[Opening THE INPUT section]
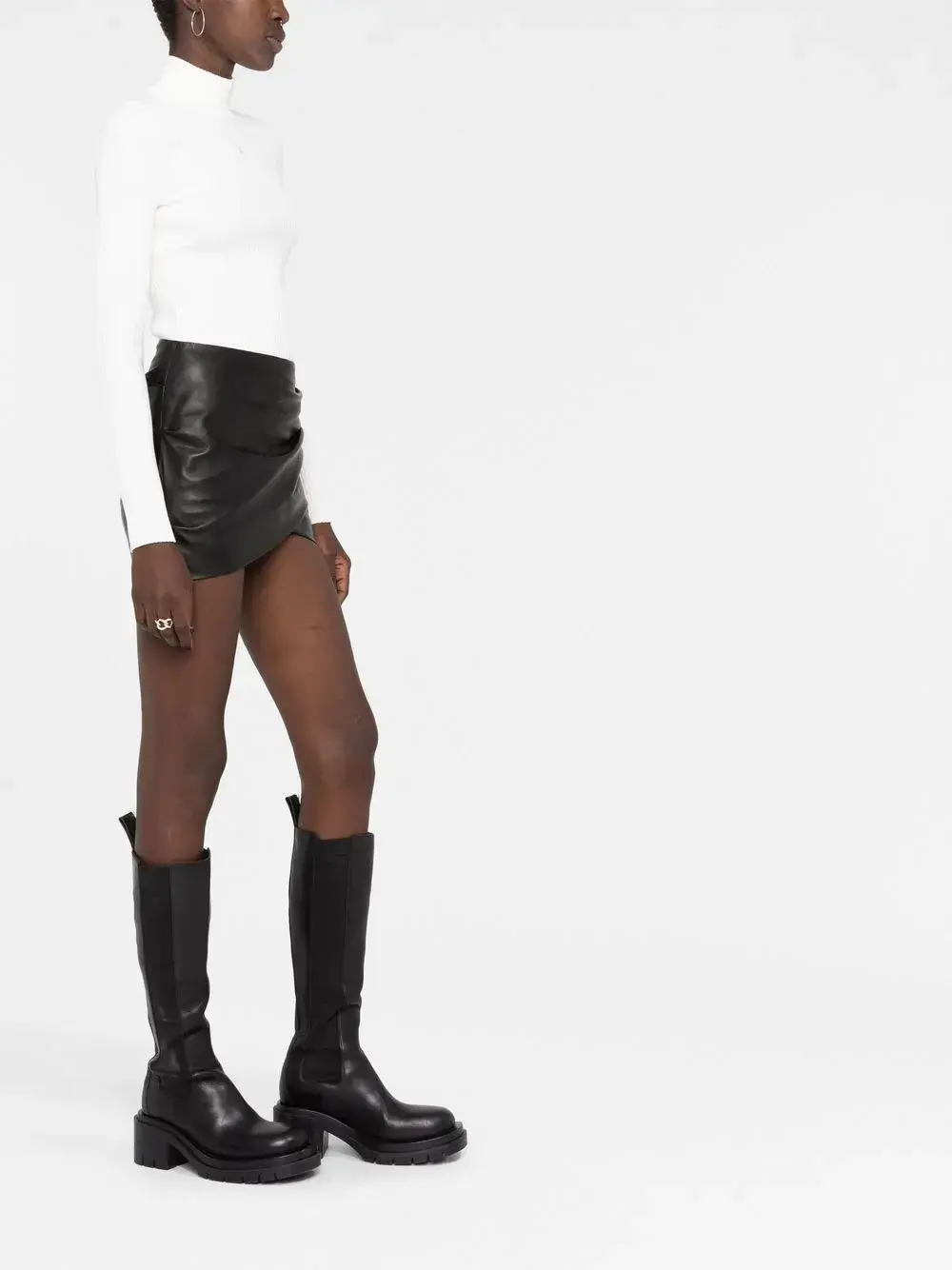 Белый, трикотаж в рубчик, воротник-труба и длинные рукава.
[Closing THE INPUT section]
[Opening THE INPUT section]
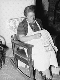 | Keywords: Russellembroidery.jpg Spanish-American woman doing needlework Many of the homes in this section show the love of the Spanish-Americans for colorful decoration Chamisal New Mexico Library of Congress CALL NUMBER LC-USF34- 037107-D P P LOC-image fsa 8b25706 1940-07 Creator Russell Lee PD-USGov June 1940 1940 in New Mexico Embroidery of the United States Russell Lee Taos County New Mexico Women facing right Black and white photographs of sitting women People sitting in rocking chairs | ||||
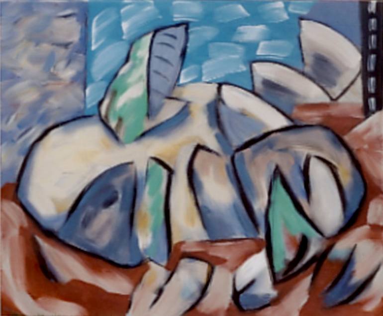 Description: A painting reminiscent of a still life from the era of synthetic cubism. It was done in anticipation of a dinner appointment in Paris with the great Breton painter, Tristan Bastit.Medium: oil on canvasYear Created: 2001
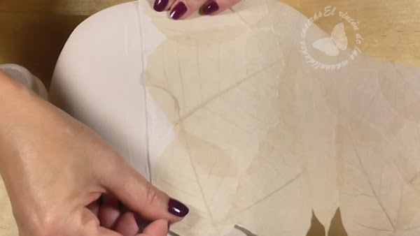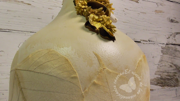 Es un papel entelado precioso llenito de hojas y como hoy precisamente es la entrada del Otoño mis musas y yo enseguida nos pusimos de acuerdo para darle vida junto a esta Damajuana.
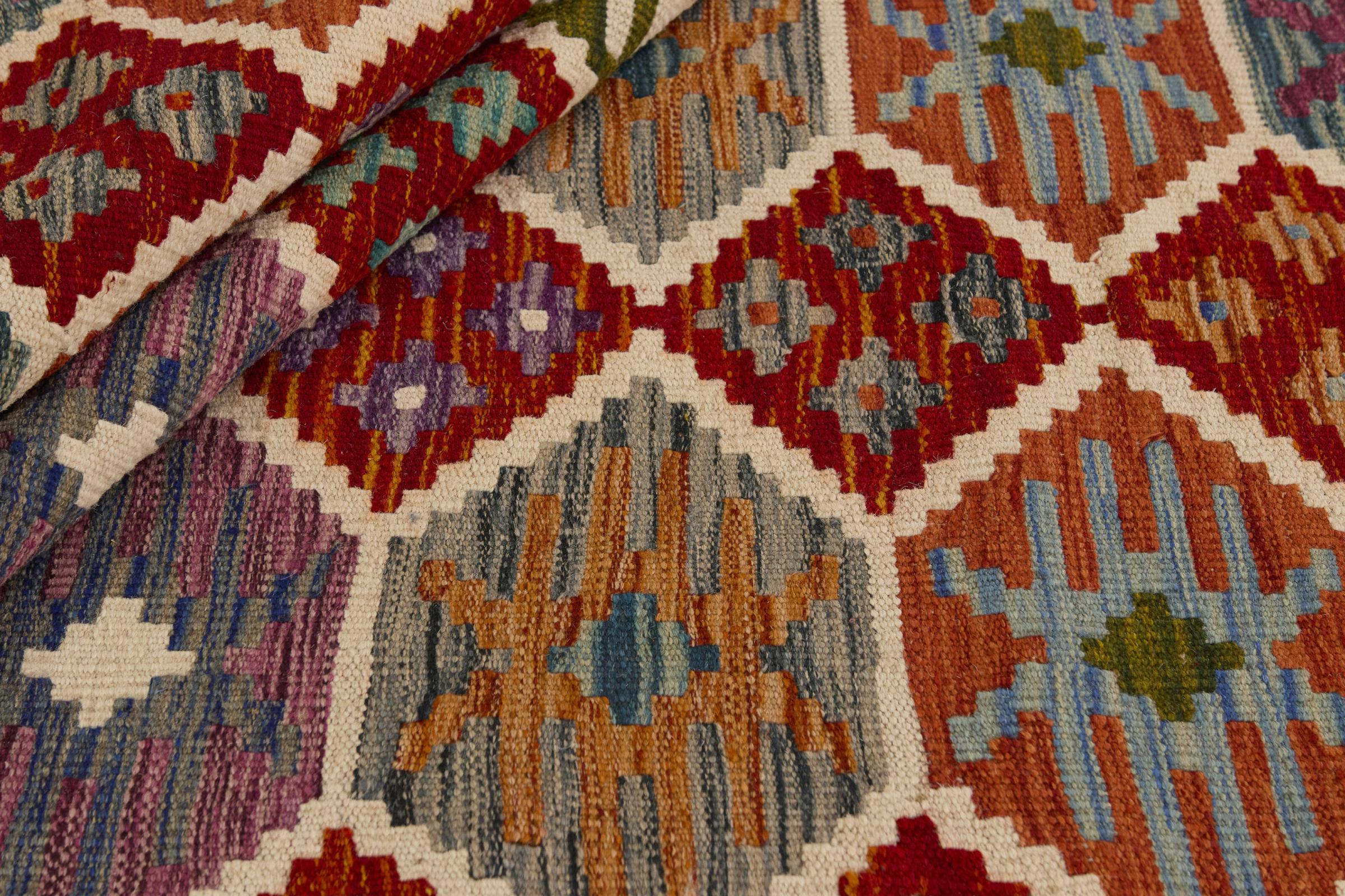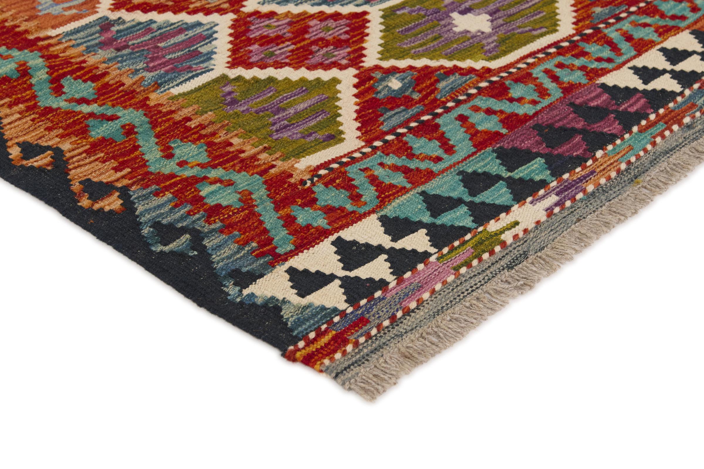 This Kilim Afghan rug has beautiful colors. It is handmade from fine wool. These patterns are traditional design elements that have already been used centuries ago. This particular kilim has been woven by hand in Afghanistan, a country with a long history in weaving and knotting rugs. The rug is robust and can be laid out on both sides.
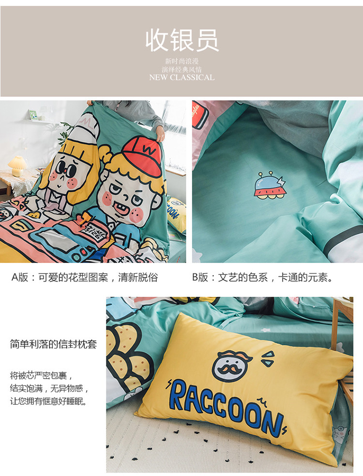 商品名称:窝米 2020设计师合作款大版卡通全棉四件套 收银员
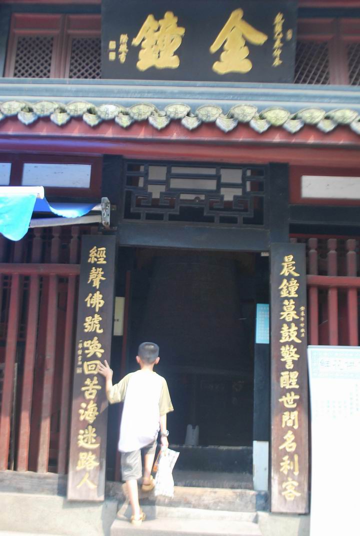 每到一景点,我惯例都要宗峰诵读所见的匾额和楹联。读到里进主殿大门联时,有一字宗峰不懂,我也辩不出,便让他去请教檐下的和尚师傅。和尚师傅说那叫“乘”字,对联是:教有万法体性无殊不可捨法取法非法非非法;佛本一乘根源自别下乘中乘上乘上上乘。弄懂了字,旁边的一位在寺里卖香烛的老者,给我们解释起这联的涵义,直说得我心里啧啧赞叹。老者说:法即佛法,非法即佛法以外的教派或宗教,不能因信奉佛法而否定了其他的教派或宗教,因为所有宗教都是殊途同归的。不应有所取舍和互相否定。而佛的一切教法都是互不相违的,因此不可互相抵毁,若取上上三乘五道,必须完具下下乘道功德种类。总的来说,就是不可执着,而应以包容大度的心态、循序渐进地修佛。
[Closing THE INPUT section]
> **WHAT IS BEING ASKED**: A clean copy is needed of the lines in the listing above from the one with "chairs | ||||" through the one with "每到一景点,我惯例都要宗峰诵", exact in every word and free of pictures.

> **EXERCISE ANSWER**:
 | Keywords: Russellembroidery.jpg Spanish-American woman doing needlework Many of the homes in this section show the love of the Spanish-Americans for colorful decoration Chamisal New Mexico Library of Congress CALL NUMBER LC-USF34- 037107-D P P LOC-image fsa 8b25706 1940-07 Creator Russell Lee PD-USGov June 1940 1940 in New Mexico Embroidery of the United States Russell Lee Taos County New Mexico Women facing right Black and white photographs of sitting women People sitting in rocking chairs | ||||
 Description: A painting reminiscent of a still life from the era of synthetic cubism. It was done in anticipation of a dinner appointment in Paris with the great Breton painter, Tristan Bastit.Medium: oil on canvasYear Created: 2001
 Es un papel entelado precioso llenito de hojas y como hoy precisamente es la entrada del Otoño mis musas y yo enseguida nos pusimos de acuerdo para darle vida junto a esta Damajuana.
 This Kilim Afghan rug has beautiful colors. It is handmade from fine wool. These patterns are traditional design elements that have already been used centuries ago. This particular kilim has been woven by hand in Afghanistan, a country with a long history in weaving and knotting rugs. The rug is robust and can be laid out on both sides.
 商品名称:窝米 2020设计师合作款大版卡通全棉四件套 收银员
 每到一景点,我惯例都要宗峰诵读所见的匾额和楹联。读到里进主殿大门联时,有一字宗峰不懂,我也辩不出,便让他去请教檐下的和尚师傅。和尚师傅说那叫“乘”字,对联是:教有万法体性无殊不可捨法取法非法非非法;佛本一乘根源自别下乘中乘上乘上上乘。弄懂了字,旁边的一位在寺里卖香烛的老者,给我们解释起这联的涵义,直说得我心里啧啧赞叹。老者说:法即佛法,非法即佛法以外的教派或宗教,不能因信奉佛法而否定了其他的教派或宗教,因为所有宗教都是殊途同归的。不应有所取舍和互相否定。而佛的一切教法都是互不相违的,因此不可互相抵毁,若取上上三乘五道,必须完具下下乘道功德种类。总的来说,就是不可执着,而应以包容大度的心态、循序渐进地修佛。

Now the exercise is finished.